WHAT THE EXERCISE ASKS
Once the pictures are set aside, transcribe each line of the data exactly.

SUPPLIED RECORDS
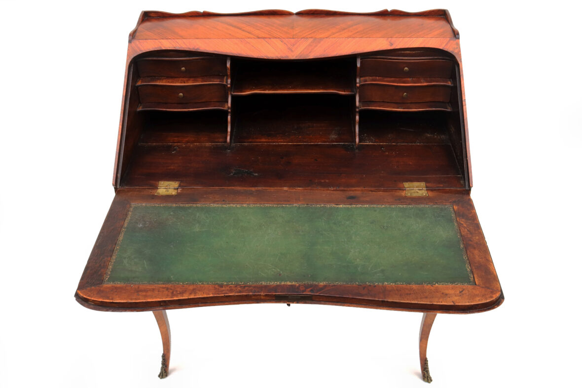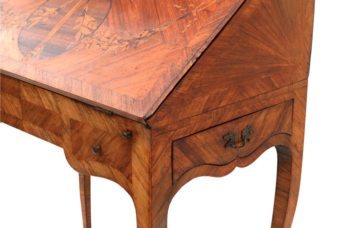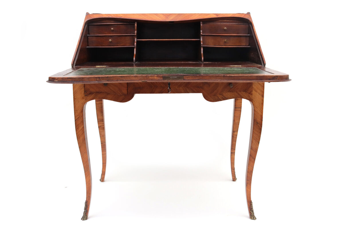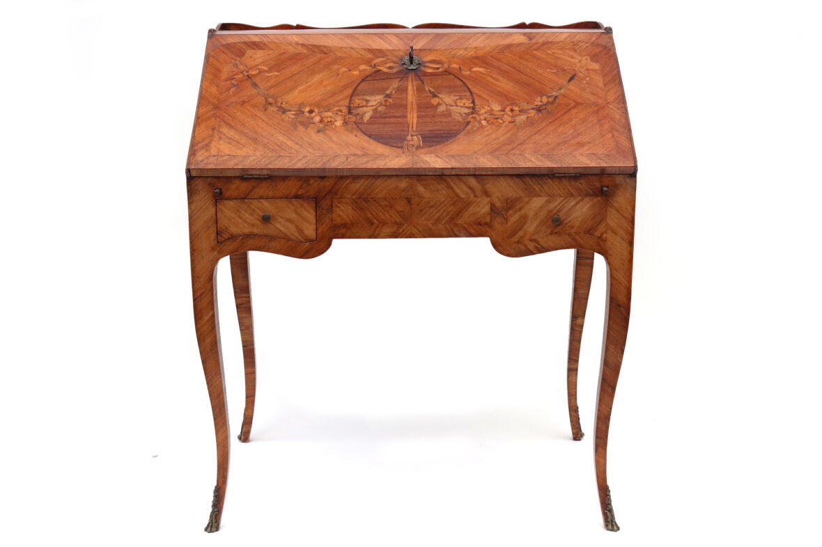 Bureau de pente en bois et bois de placage ouvrant par deux tiroirs et un abattant découvrant tiroirs et casiers, pieds cambrés. Décor marqueté d’un nœud et d’une guirlande fleurie. Ornementation de bronze doré.
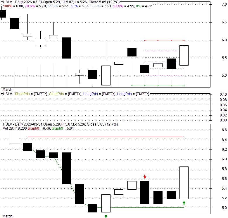 Price has closed above its short-term moving average. Short-term moving average is currently below mid-term; and below long-term moving average. From the relationship between price and moving averages: This stock is NEUTRAL in short-term; and NEUTRAL in mid-long term.[ HSLV ] has closed Bollinger Bands are 0% narrower than normal.
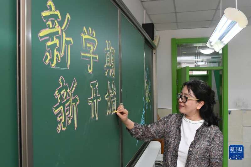 8月26日,在北京市海淀区太平路小学,教师在教室里书写新学期寄语。新华社记者 任超 摄
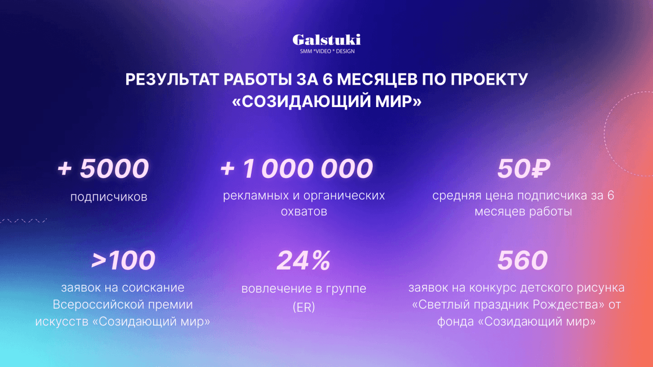 Цели поставленные на 2023 год были достигнуты. В данный момент мы продолжаем работу по этому проекту. Цель на 2024 год набрать 10 000 целевых подписчиков и при этом сохранить высокий уровень вовлечения.
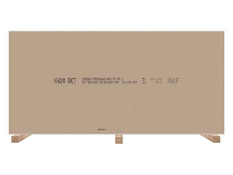 Гипсокартон Knauf 12.5x1200x2500 стандартный
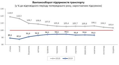 Вантажооборот підприємств транспорту у січні-жовтні становив 8,9 млрд.ткм і, порівняно з цими місяцями 2018 року, зменшився на 6,7%.
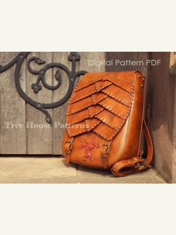 Выкройка кожаного рюкзака с клапаном под документы, книги и журналы
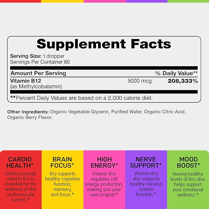 - All-in-One B12 5000 mcg - Experience the power of the Vitamin B12 drops. This fast-absorbing sublingual formula maintains your energy needs by converting food into fuel, helping reduce fatigue and increase stamina. B12 plays a crucial role in boosting immune function, maintaining brain health, memory, and mood, being a valid supplement for everyday use.

RESPONSE TO THIS EXERCISE
 Bureau de pente en bois et bois de placage ouvrant par deux tiroirs et un abattant découvrant tiroirs et casiers, pieds cambrés. Décor marqueté d’un nœud et d’une guirlande fleurie. Ornementation de bronze doré.
 Price has closed above its short-term moving average. Short-term moving average is currently below mid-term; and below long-term moving average. From the relationship between price and moving averages: This stock is NEUTRAL in short-term; and NEUTRAL in mid-long term.[ HSLV ] has closed Bollinger Bands are 0% narrower than normal.
 8月26日,在北京市海淀区太平路小学,教师在教室里书写新学期寄语。新华社记者 任超 摄
 Цели поставленные на 2023 год были достигнуты. В данный момент мы продолжаем работу по этому проекту. Цель на 2024 год набрать 10 000 целевых подписчиков и при этом сохранить высокий уровень вовлечения.
 Гипсокартон Knauf 12.5x1200x2500 стандартный
 Вантажооборот підприємств транспорту у січні-жовтні становив 8,9 млрд.ткм і, порівняно з цими місяцями 2018 року, зменшився на 6,7%.
 Выкройка кожаного рюкзака с клапаном под документы, книги и журналы
 - All-in-One B12 5000 mcg - Experience the power of the Vitamin B12 drops. This fast-absorbing sublingual formula maintains your energy needs by converting food into fuel, helping reduce fatigue and increase stamina. B12 plays a crucial role in boosting immune function, maintaining brain health, memory, and mood, being a valid supplement for everyday use.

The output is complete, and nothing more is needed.